The prospects for studies of both -1 PRF and coronaviruses are encouraging. A number of synergistic advances are being made in both areas. The constantly expanding number of coronavirus sequences is enhancing the ability of researchers to identify conserved RNA sequence and structural motifs with a greater degree of confidence. As critical elements are identified experiments can be thoughtfully designed to generate mutant viruses and replicons from which useful information can be acquired. The size of the coronavirus genome and the lack of unique restriction sites for cloning pose some difficulties in manipulation of the virus. However recent advances in the stability of plasmid vectors and the availability of class II restriction endonucleases or restriction enzymes that cleave adjacent to the recognition sequence have circumvented some of these difficulties (43). The available clones and replicons (44–45) have allowed many groups to readily investigate different aspects of the coronavirus lifecycle. Developments in the NMR field are also enabling the solution of larger RNA structures such as those that direct -1 PRF. In addition, advances are being made in the design of algorithms able to predict tertiary RNA structures such as frameshift-promoting mRNA pseudoknots (46–48). As more structural data are generated the computational algorithms will be refined which in turn will provide enhanced tools for experimental design by bench-based researchers.

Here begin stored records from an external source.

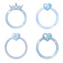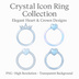 クリスタルブルー ハート&クラウン アイコンリング 4点セット|透明感ジュエリー風 フレーム素材 PNG
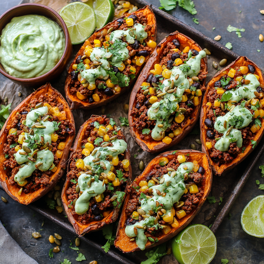 Hey friends, Jackson here from Food Meld! Ever stare into your freezer wishing for something that tastes like you actually cooked it? Meet your new kitchen BFF: Tex-Mex Beef Stuffed Sweet Potato Boats. These aren’t just baked potatoes – they’re flavor-packed vessels loaded with taco-spiced beef, zesty avocado crema, and crunchy pepitas, all wrapped up in freezer-friendly glory. Picture this: sweet potato flesh that’s creamy as butter, hugging savory beef that’s been dancing with spices, topped with bright corn salsa and that cool green crema. It’s like your favorite taco night decided to get cozy with Sunday comfort food.
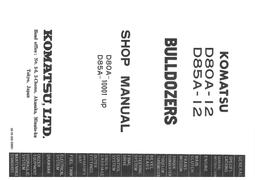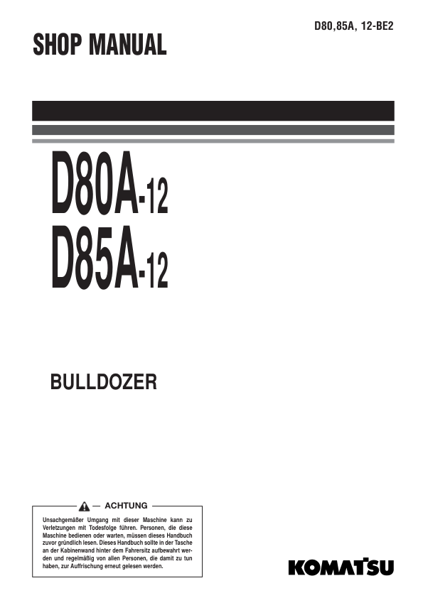 Komatsu D80A-12 D85A-12 Bulldozer Workshop Manual SN 10001 and UP

The coronavirus frameshift signals are complex and diverse and, as described above, have yielded a wealth of molecular biological data describing features important for -1 PRF. As noted previously, there are several limitations to -1 PRF studies, the most pertinent being that there are two overlapping open reading frames to maintain. Obviously silent protein coding mutations are preferable so that only recoding events are analyzed rather than protein function. The termination codon for the first ORF is very early in the SARS -1 PRF signal compared to the position of stop codons in other frameshift signals and this has increased the variety of mutations that can be sustained. A further limitation is that a frameshifting event must occur for production of the RNA dependent RNA polymerase which is essential for virus production. Thus mutations which abolish frameshifting completely will not produce replicative or infectious virus. It has been shown for some other viruses that there is an apparent threshold level of frameshifting required for competent virus production (36–38). Mutations that subtly alter the frequency of -1PRF in the coronavirus context are being discovered and these will lead to a greater understanding of the role of -1PRF in coronavirus replication.
Many of the published research articles would not have been possible without the free exchange of reagents and collaborations set up between groups with different expertise. The rapid emergence and severity of the SARS associated coronavirus lead to the sharing of unpublished information at conferences and meetings which in turn added vigor to the field. Because of the competitive nature of research, this sharing of resources is dependent on the ethical behavior of the researchers. We thank all those who are part of the community and have contributed important information that has the potential to prevent or control virus spread should a similar outbreak occur in the future. This work was supported by NIH grant RO1 AI064307.
The findings and conclusions in this article have not been formally disseminated by the Food and Drug Administration and should not be construed to represent any Agency determination or policy.